Kevin Dalmut, Rising Endowment Star, Dies at 39

Dalmut was an investment officer for the $1.1 billion University of Iowa Center for Advancement endowment.

Kevin Dalmut (via LinkedIn)

Kevin Dalmut

(via LinkedIn)

Kevin Dalmut, investment officer at the University of Iowa and a veteran of the University System of Maryland Foundation, died on January 19. He was 39.

Dalmut had been managing investments for the University of Iowa Center for Advancement’s $1.1 billion endowment. He had joined the university in July 2019 after a ten-year career at the USM Foundation.

He was viewed as a rising star in the endowment and foundation world, having been named to Chief Investment Officer’s Forty Under Forty list in 2012, 2013, and 2014.

“Our team is heartbroken by the news of Kevin’s passing,” said Sam Gallo, chief investment officer of the USM Foundation. “He was our teammate and our friend, and he will be greatly missed. Our hearts and prayers are with Kevin’s family during this difficult time.”

Dalmut began his investing career in 2003 as an investment associate at consulting firm Cambridge Associates. He worked there for five years before leaving to join the USM Foundation in June 2008, just as the global financial crisis was unfolding.

Dalmut told CIO in 2012 that joining the foundation was “the best trade [he] could have made in 2008.”

Dalmut started working at the foundation in an analyst position before rising to the role of director of private market investments in 2013 under Gallo, who had taken over as CIO of the USM Foundation in 2012. From early in his career, Dalmut was committed to the mission of growing his institution’s endowment to support students and higher education. As he explained to CIO in 2014, “the more successful our investment program is, the more opportunities can be offered to our system’s students and faculty.”

“I get up every morning with that goal in mind,” he added.
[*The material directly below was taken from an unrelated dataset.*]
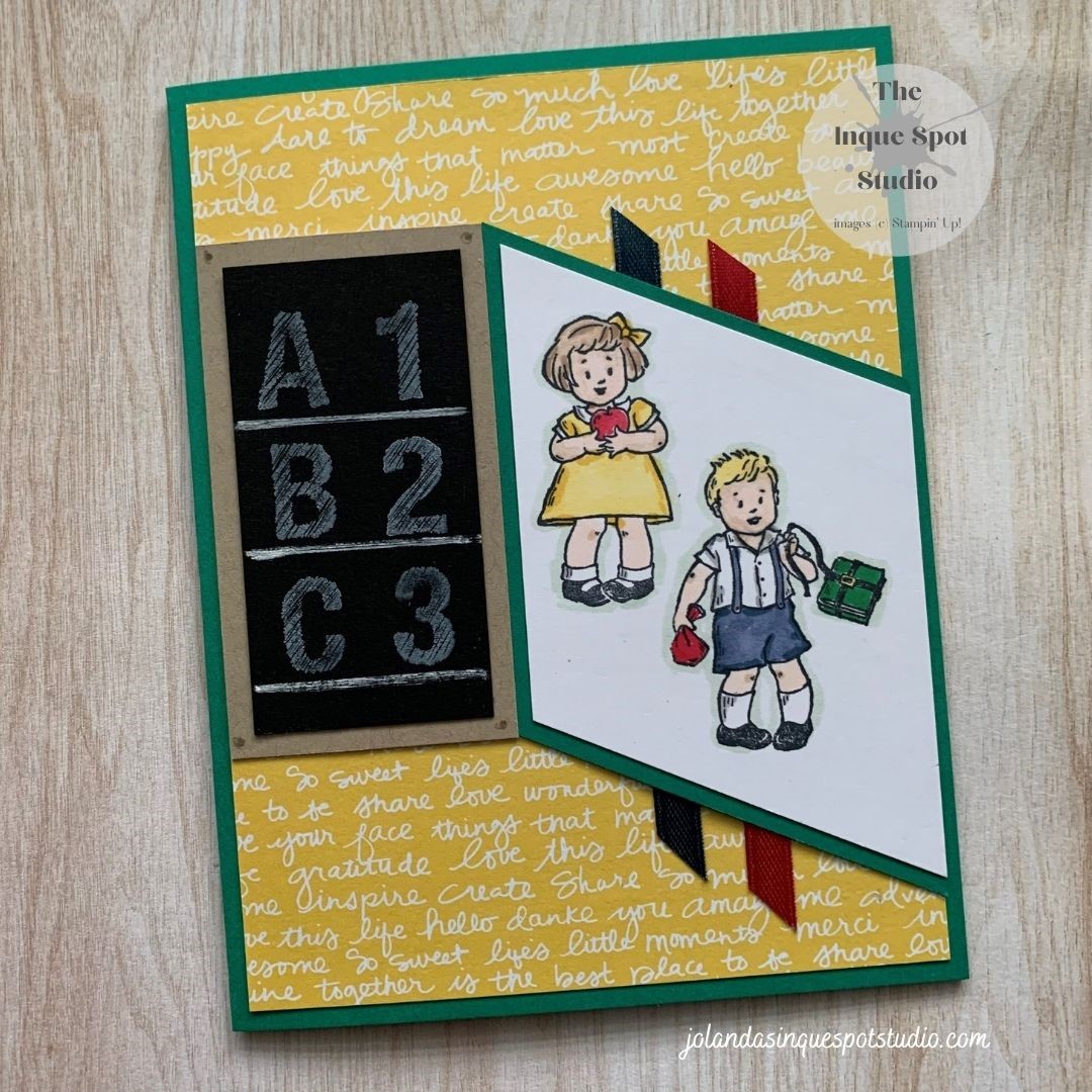 This card is a real mash-up of challenges. However, getting ready for school was one of my favorite things to do. Even today, when I pass the School Supply aisles in the store, my heart quickens…So indulge me as I take a trip down memory lane! Sketch: Sketch Saturday Challenge (#672); Theme: Stampin’ Up! OnlyContinue reading “ABC / 123 – It’s Back to School for You and Me!”

His former boss echoed this theme. “Thanks to Kevin’s hard work, diligence, and devotion to higher education, many students were able to receive the necessary funding that afforded them a college education,” Gallo said. “During his years of faithful service, he advanced our program forward, contributing meaningfully to the performance that our funds have enjoyed. Kevin was a great teammate and a fantastic person. Our program is better because of him, and we will miss him dearly.”

Dalmut’s wife, Hanne Dalmut, has said that anyone who would like to make a donation in his memory can contribute to his Movember fundraising campaign. The charity, which Dalmut supported annually in memory of his father, who died in 2010 of prostate cancer, raises money for men’s health and mental health and suicide prevention.